Boston wasn’t announcing her presence. In fact, he seemed to be gesturing for her to take off running, if she wanted. His head kept tilting to the side as he met her eyes. Coward though she was, she couldn’t do that to him. She’d brought him more aggravation than one man should have to endure over the last three weeks, including being so monumentally stupid as to sleep with him and then suggest it was a bad idea.
Yet he still protected her.
She cleared her throat and walked right up to the porch, weaving her way through the two cameramen and stopping behind a woman wearing a floral skirt and peach sleeveless shirt. “Excuse me. I’m Shelby Tucker, the tour guide for the Haunted Cuttersville Tour, and my grandmother owns this house. Can I help you?”
The woman turned so fast Shelby feared her head might spin off. “I’m Adrienne Ashley, Channel Five Action News.”
She put her hand out and Shelby took it.
Adrienne Ashley gave her hand one good pump, then abandoned it. “We would like to conduct a series of interviews with the people who witnessed the ghost sighting, run some footage of the house, that sort of thing, but Mr. Macnamara doesn’t seem interested in cooperating.”
Red lips pursed and her dark blond helmet hair deigned to shudder in disapproval.
Boston rubbed his jaw. “I wasn’t going to do anything without Shelby’s permission. It’s up to her.”
Shelby paused to wonder how he’d spent his day off. With Amanda? Working? She didn’t even know what he liked to do in his free time, and that made her feel her decision to stop seeing him was the right one. They didn’t really know each other at all.
But they could have. And they did, in the ways that mattered.
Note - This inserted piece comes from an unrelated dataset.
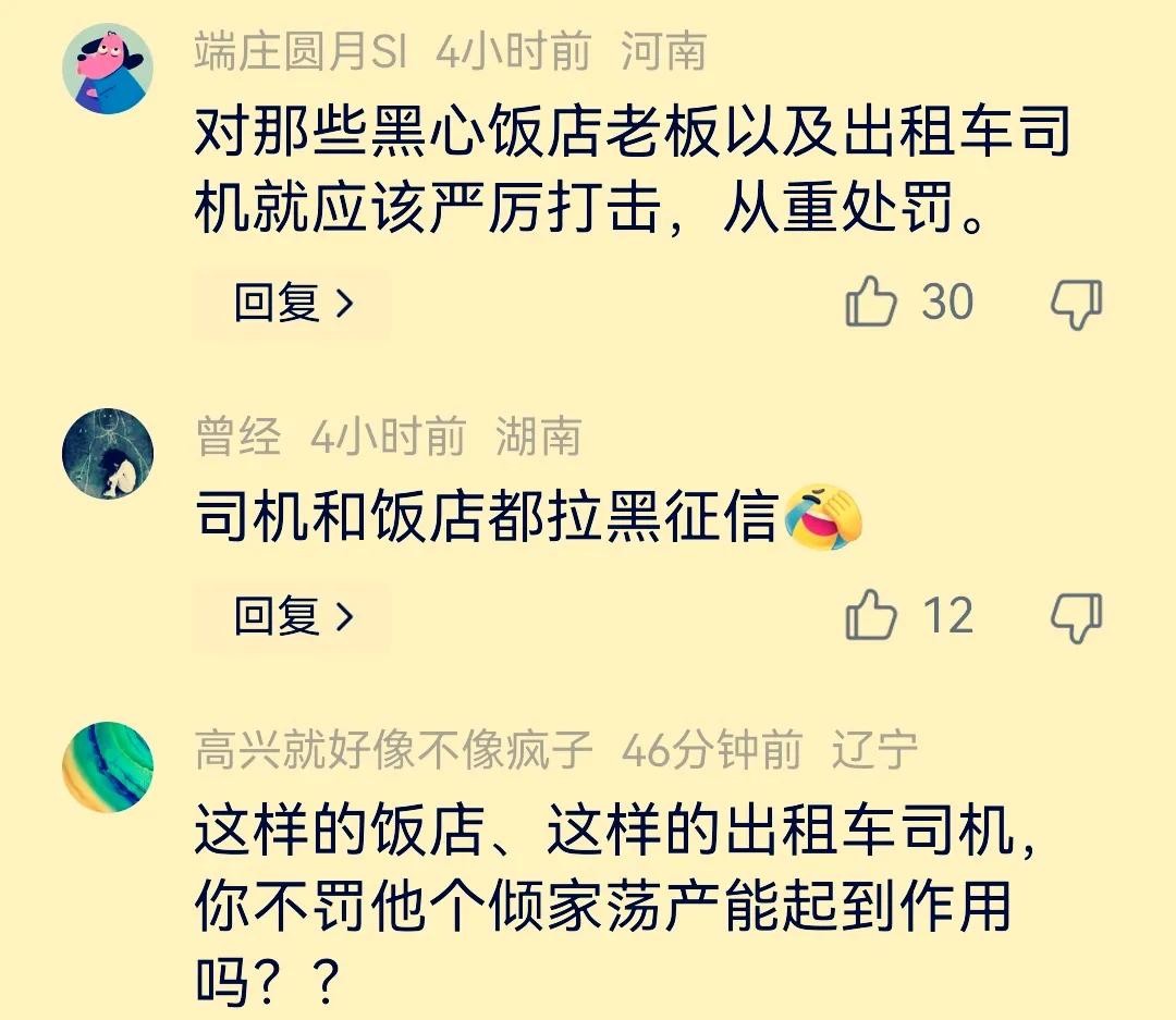 出租车司机与饭店相互勾结,通过回扣的方式吸引游客,然后在菜品价格和分量上做文章,以此来获取高额利润。这种行为不仅严重损害了消费者的合法权益,也对其他诚信经营的商家造成了极大的冲击,扰乱了整个旅游市场的竞争秩序。

Shelby shut up her inner dialogue and tried to focus on Adrienne Ashley’s long self-important nose. “Well, Ms. Ashley, I don’t know.”
Now that sounded intelligent. But for the life of her, she couldn’t decide if it would be a good thing or a bad thing to have the White House immortalized on the eleven o’clock news. Likely, it would just embarrass them all.
Or it could bring business—big business. When Boston moved out, Gran could convert the house into a bed-and-breakfast.
Her answer didn’t please the reporter, especially not when Boston nudged around her and picked up Shelby’s injured hand. “How are you feeling today? Did you take a pain pill?”
He inspected her like he was waiting for her to puddle on the ground again.
“I’m fine, thanks. It doesn’t even hurt.” And she regretted that she’d been such a weenie about the whole thing the night before. It had made it all that much harder to stick to her guns and tell Boston they couldn’t see each other. When he’d stared at her in that hospital ER, his eyes the most delicious rich blue, and looked at her like he wanted to sweep her off to a deserted island and worship at her feet, well, she’d been sorely tempted.
“If you want to do the story, I don’t mind,” he said in a low voice. “I want whatever you want.”
She wanted him, darn it all to hell and back again.
But that wouldn’t pay the bills or pop a bun in her oven, and she was first and foremost a practical person. “It makes sense to do the story. More business.”
He nodded. “That’s what I would do.”
She was probably going to regret this, but then what was life for but regrets? Shelby made no effort to remove her hand from Boston’s as she called for the reporter, who was impatiently pacing the porch. Her professional smile had warped into a gritted lip pull.
“What exactly did you have in mind?” Shelby asked.
“I want to interview everyone who was here yesterday who’s willing to talk on camera. I want to tape myself walking through the home, and I’d really like to have a ghost expert come into the house and make an assessment.”